VIS/NIR Spectroscopy as a Non-Destructive Method for Evaluation of Quality Parameters of Three Bell Pepper Varieties Based on Soft Computing Methods

Spectroscopic analysis was employed to evaluate the quality of three bell pepper varieties within the 350-1150 nm wavelength range. Quality parameters such as firmness, pH, soluble solids content, titratable acids, vitamin C, total phenols, and anthocyanins were measured. To enhance data reliability, principal component analysis (PCA) was used to identify and remove outliers. Raw spectral data were initially modeled using partial least squares regression (PLSR).

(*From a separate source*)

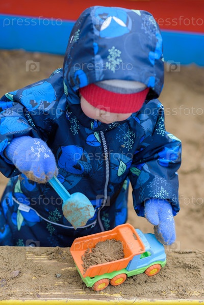 Ребенок играет в машины на улице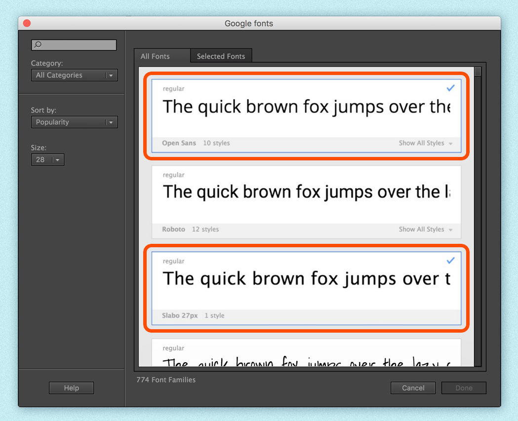 To add a font to the document, click the font that you want to use and select Done. A check mark indicates that the font is selected.  You can also select and add multiple fonts. You can also select and add multiple fonts.

To optimize wavelength selection, support vector machines (SVMs) were combined with genetic algorithms (GAs), particle swarm optimization (PSO), ant colony optimization (ACO), and imperial competitive algorithm (ICA). The most effective wavelength selection method was subsequently used for further analysis. Three modeling techniques-PLSR, multiple linear regression (MLR), and artificial neural networks (ANNs)-were applied to the selected wavelengths. PLSR analysis of raw data yielded a maximum R2 value of 0.98 for red pepper pH, while the lowest R2 (0.58) was observed for total phenols in yellow peppers. SVM-PSO was determined to be the optimal wavelength selection algorithm based on ratio of performance to deviation (RPD), root mean square error (RMSE), and correlation values. An average of 15 effective wavelengths were identified using this combined approach. Model performance was evaluated using root mean square error of cross-validation and coefficient of determination (R2). ANN consistently outperformed MLR and PLSR in predicting firmness, pH, soluble solids content, titratable acids, vitamin C, total phenols, and anthocyanins for all three varieties. R2 values for the ANN model ranged from 0.94 to 1.00, demonstrating its superior predictive capability. Based on these results, ANN is recommended as the most suitable method for evaluating the quality parameters of bell peppers using spectroscopic data.